Group members: - Ufuk BOMBAR - Caterina LEONELLI - Elif OHRI
This report delves into the development of an efficient search engine based on the Gutenberg books database, a repository containing a substantial volume of diverse literary works. In the context of the ever-expanding digital landscape, search engines play a pivotal role in helping users access pertinent information amidst the vastness of the Internet. As evidenced by the exponential growth in indexed pages, with Google’s index surpassing 8 billion pages in 2004, the need for effective search mechanisms becomes paramount. Search engines serve as filters, allowing users to navigate through the plethora of available in- formation quickly and effortlessly. The challenge lies in delivering relevant results to users, and to achieve this, search engines employ sophisticated algorithms to assess and rank web pages for specific search expressions [2]. This paper explores the intricate process of developing a search engine that not only utilizes advanced technologies but also employs algorithms to ensure precision and relevance in delivering search results. In the subsequent sections, we will delve into the methodologies, technologies, and algorithms employed in the creation of this search engine, emphasizing the significance of relevance and efficiency in handling extensive datasets such as the Gutenberg books database. By leveraging automated programs, known as ”spiders” or ”robots,” to collect information [1], and implementing complex algorithms that are frequently updated and closely guarded [5], our objective is to present a search engine capable of providing users with tailored and pertinent results for a diverse array of search queries.

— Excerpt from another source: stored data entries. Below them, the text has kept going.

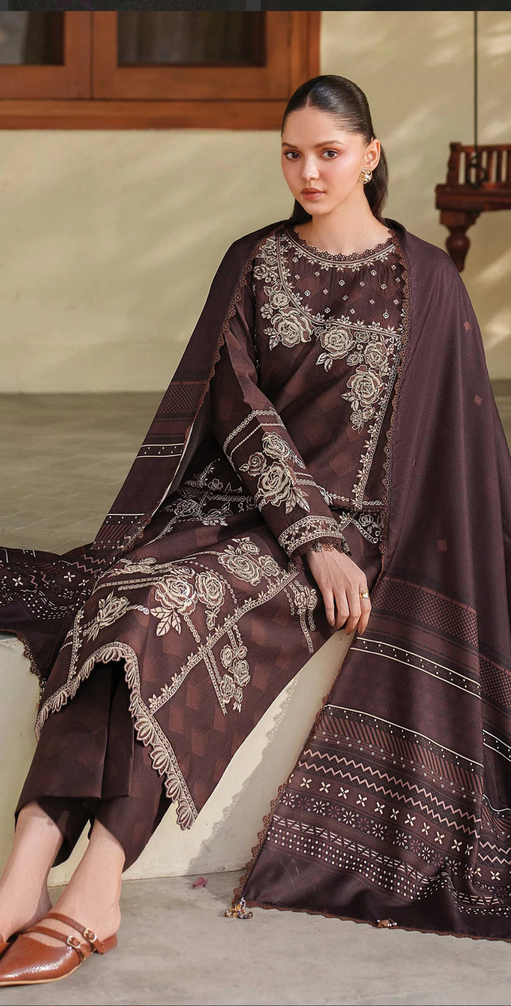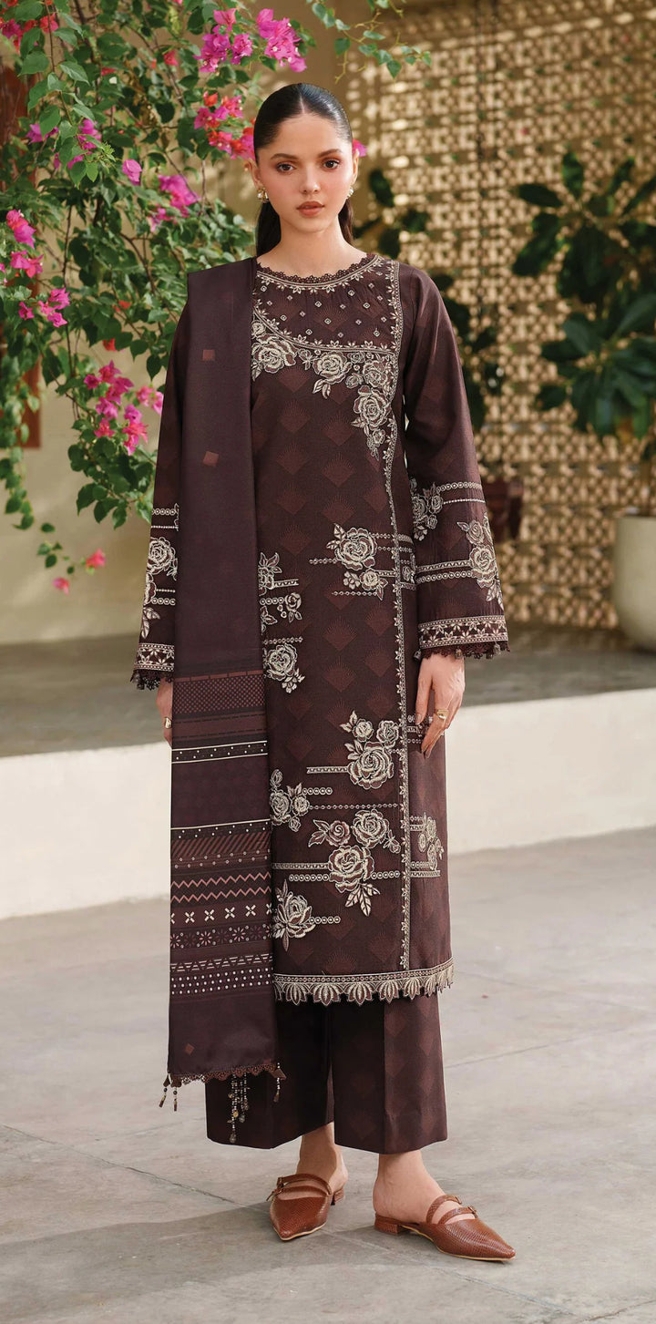 Embroidered Viscose Unstitched 3 Piece Suit - 09 Autumn Rose - FSH25MLN - Brown - Luxury Winter
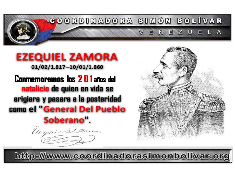 "¡Tierra y hombres libres!" Fue el llamado que hizo un nacido el primero de febrero del año 1.817, en la locación de Cúa, Estado Miranda, en Venezuela y que llevaba por nombre EZEQUIEL ZAMORA, a quien luego de su hazaña de recuperar, a riesgo de la propia vida, los derechos sin los cuales las personas veían su existencia reducida a la esclavitud y la indigencia, lo inscribió en la historia como el "GENERAL DEL PUEBLO SOBERANO".
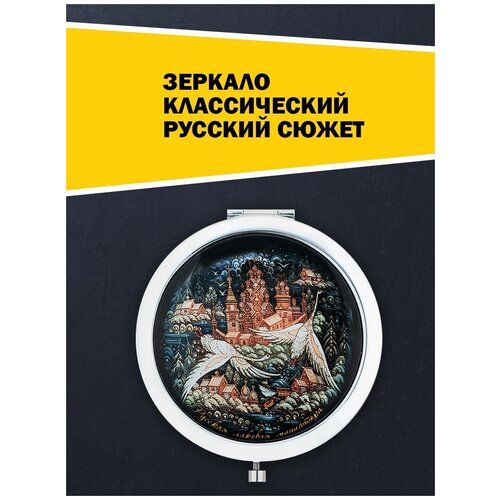 Стильное карманное увеличительное зеркало – актуальный аксессуар в повседневной жизни каждой девушки и женщины. Оно помогает поправить прическу и нанести макияж, акцентируя внимание на мелких деталях. Круглое складное зеркало для макияжа имеет двустороннюю зеркальную поверхность – одна поверхность без увеличения, вторая – с двукратным увеличением. Благодаря высокому качеству материалов, зеркало не деформирует отражение. Маленькое увеличительное зеркало можно разместить на гримерном или туалетном столике. Косметическое зеркало удобно держать в руке и носить с собой. Маленькое зеркальце свободно разместится в любой дамской сумочке, клатче, кармане или косметичке. Складное зеркальце имеет прочный металлический корпус и надежную защелку, которая не позволит ему случайно открыться. Ухаживать за аксессуаром легко и необременительно: достаточно протирать мини зеркальце мягкой сухой салфеткой. Настольное косметическое зеркало с увеличением станет надежным и функциональным спутником в Ваших путешествиях. Декоративное зеркало с сюжетом "Гуси-Лебеди" в стиле русской лаковой миниатюры органично впишется в любой интерьер и станет приятным подарком жене и подруге, любимой дочери или внучке, маме и бабушке. Маленькое карманное зеркало для ресниц упаковано в качественную и стильную коробочку.
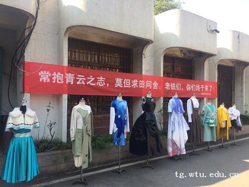 与动态的LED屏展示形成鲜明对比的是由历年优秀毕业设计作品组成的人台服装静态展示,直观地为新生与家长们展示现实中的时装,增加了新生对专业学习的清晰感受,将时装的艺术设计属性与生活属性有机融合,深刻诠释了艺术来源于生活,而又高于生活。

To run the whole system it is required to have docker installed.
For non-dockerized tests and runs:
- Backend: for tests you need the latest version of go (go1.21.3).
- Frontend: you need the latest version of node and npm installed.
- Script: The script cannot be run outside container, we designed it to be run as a container.
Before running you need to create a .env
file. This should contain the following env variables.
POSTGRES_DB=postgres_database
POSTGRES_USER=daar_user
POSTGRES_PASSWORD=<your random password here>
The project uses docker to run it's components in containers. The files to build, _start, and stop the system can be found in the make file. You can use the following command to run the whole project. (Note that the preprocessing of the book data takes ~2 hours since the full text also downloaded. This is why we also provide a backup version of the postgres database. However we haven't included in the zip since it is very large ~100Mb. If requested this can be provided.)
To build the project
make build
To start the project
make start
Normally when CTRL+C is pressed the containers are shut down gracefully. But if for some reason they continue to run on the background, they can be destroyed by the following command.
make stop
To run the backend unit tests:
cd ./backend # to run the tests you need to be on the backend folder
go test ./.. # run all of the unit tests
cd ./frontend
npm i
npm start
The zip file should contain the README.md, report.pdf, video.mp4.
Github project: https://github.com/RootLeo00/book-web-app-daar Youtube Video Pitch: https://youtu.be/czlfpOTtjmI
The execution of this project has deepened our understanding of efficient result classification and, more importantly, the significant impact that various classifications can have on a search. While it might be more cost-effective and simpler for a search engine site to randomly display pages or results based on word count, freshness, or other straightforward sorting systems, they refrain from doing so. The primary reason for this choice is user-centric ˆa users would not find it useful. The users we aim to satisfy will not be drawn to this search engine unless it provides precise results and optimal assistance.